Write out the lines below once more, exactly as they appear. Do not include pictures.

RAW DATA
- - -

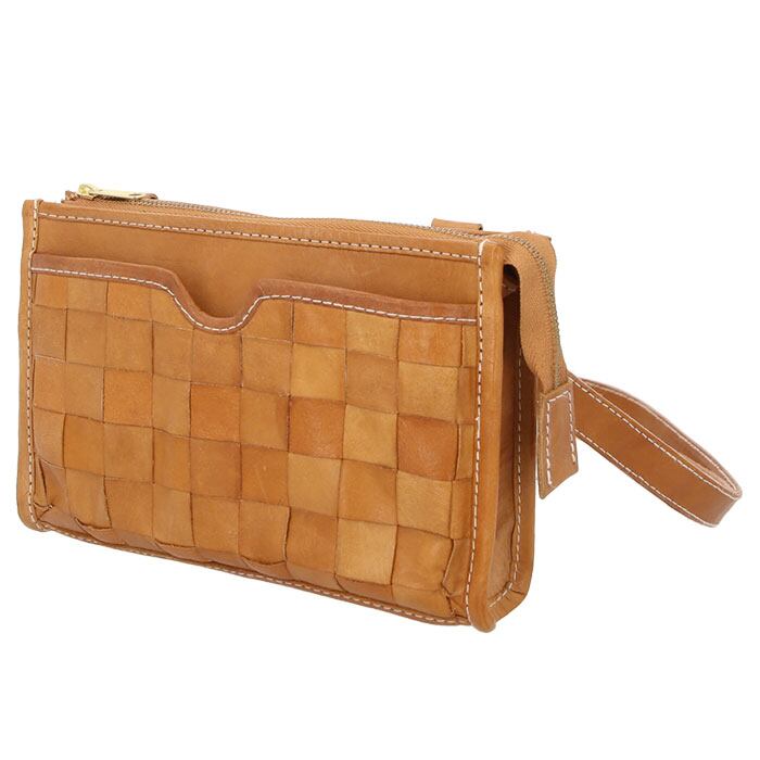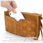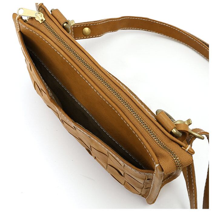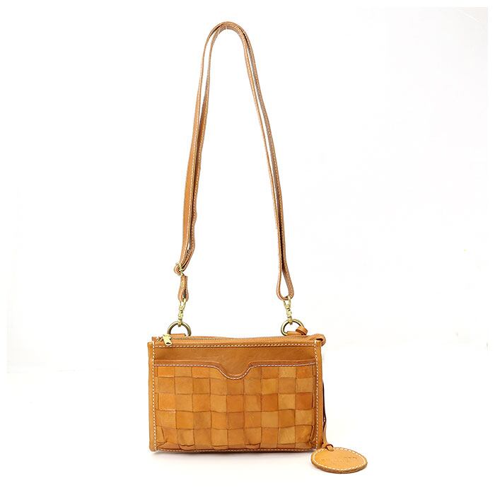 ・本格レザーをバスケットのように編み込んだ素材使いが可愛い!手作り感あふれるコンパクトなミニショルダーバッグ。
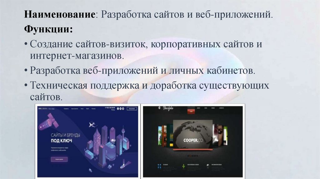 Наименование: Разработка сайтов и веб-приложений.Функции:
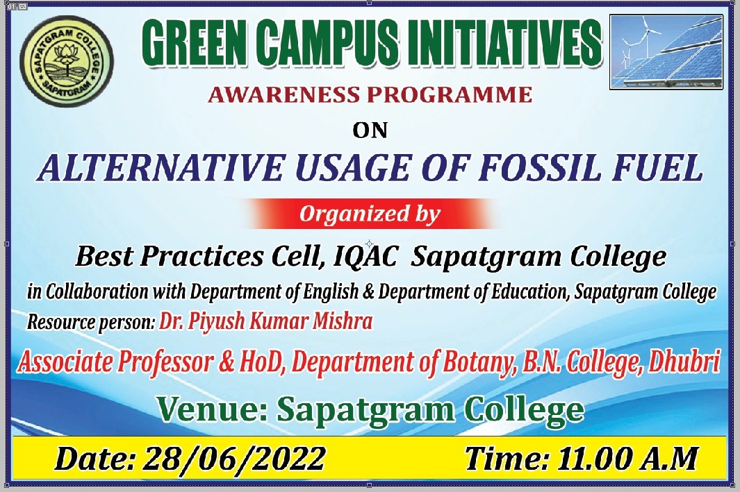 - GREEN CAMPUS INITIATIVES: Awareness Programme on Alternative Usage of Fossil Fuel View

- - -

COMPLETED TASK
 ・本格レザーをバスケットのように編み込んだ素材使いが可愛い!手作り感あふれるコンパクトなミニショルダーバッグ。
 Наименование: Разработка сайтов и веб-приложений.Функции:
 - GREEN CAMPUS INITIATIVES: Awareness Programme on Alternative Usage of Fossil Fuel View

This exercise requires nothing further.